2) Focus on eliminating dysfunction.  Rapid growth creates chaos — and there’s good chaos and bad chaos.  Inventive, spontaneous customer service is good chaos (at least for a while) whereas having 14 ways to get an expense report reimbursed is always bad chaos.  As the leader, learn to spot the difference and celebrate the good chaos while relentlessly eliminating the bad.

One of your big contributions as the leader of a rapid growth company is making the wheels go round and round faster.   Taking friction out of the system and reducing unnecessary non-value adding behaviors and activities helps clear the decks for more success and focus on growth initiatives.  It also signals other important things to your team — like challenging the status quo when you outgrow what you “used to do”.

3) Develop (and communicate) metrics for measuring “winning and losing” not just “wins and losses.”  Think about it — when you’re building a high growth DNA the natural tendency is to focus on “outcomes” like wins and losses.  Revenue growth, new customers, cash collected — all good stuff but all the result of an effort, not the measurement of the effort build itself.

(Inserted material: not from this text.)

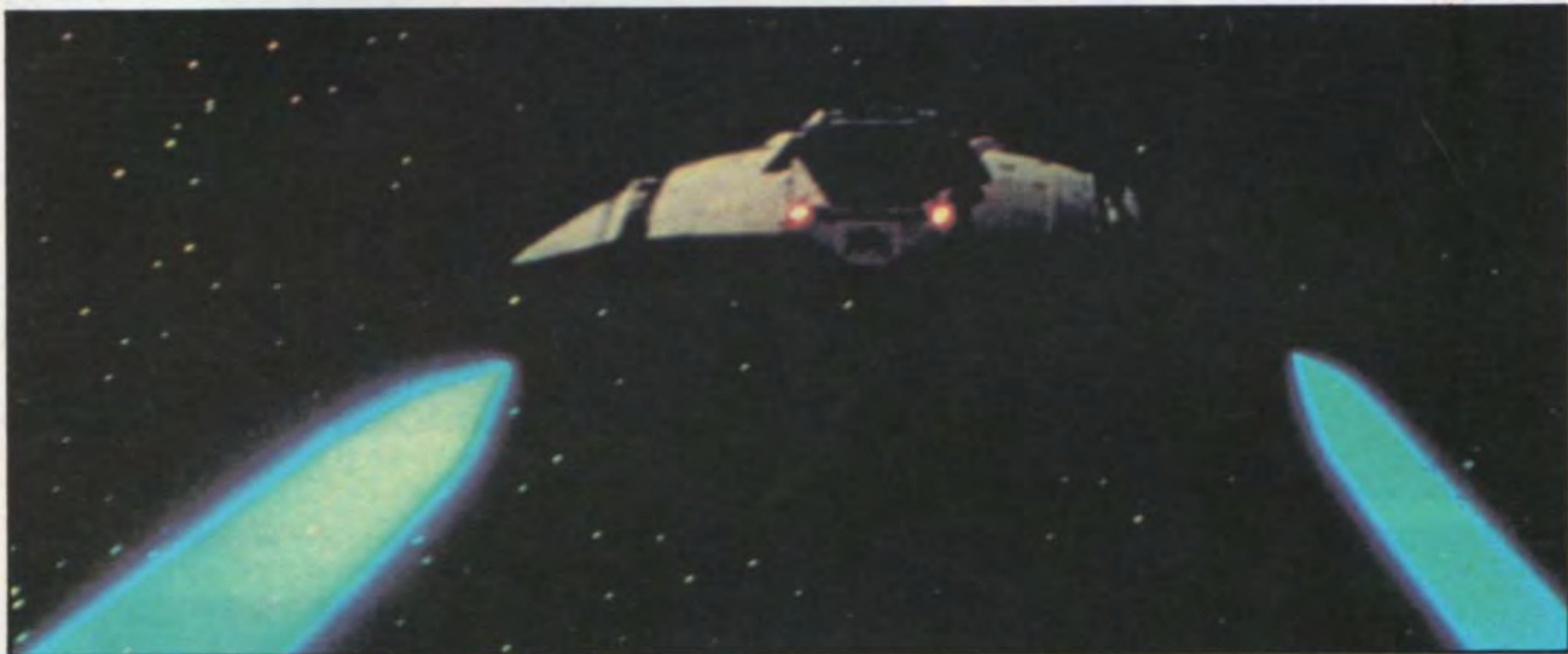
Above: a Cylon fighter in a destructive mood, looking somewhat similar in design to George Pal's Martian war machines.

By way of a special preview to the much-publicised Battlestar Galactica , we present a pictorial feature revealing the ingenuity of the special effects. The "pilot" will be shown in this country as a theatrical release and will then become a tv series debuting in the summer of 1979.

As you’re building growth you need momentum metrics more than outcome metrics — stuff that tells you you’re making progress building the things that help make you great.  For example, don’t just measure revenue dollars on a new product — measure (and report) things like days to build, errors found and fixed during beta, # of prospects currently testing — milestones you have to pass before you can actually achieve a “win”.  Learn to measure and celebrate the journey if you want to speed things up.

These will change by department/functional area and over time — but these scorecards are measuring the performance intervals that are vital to high growth outcomes.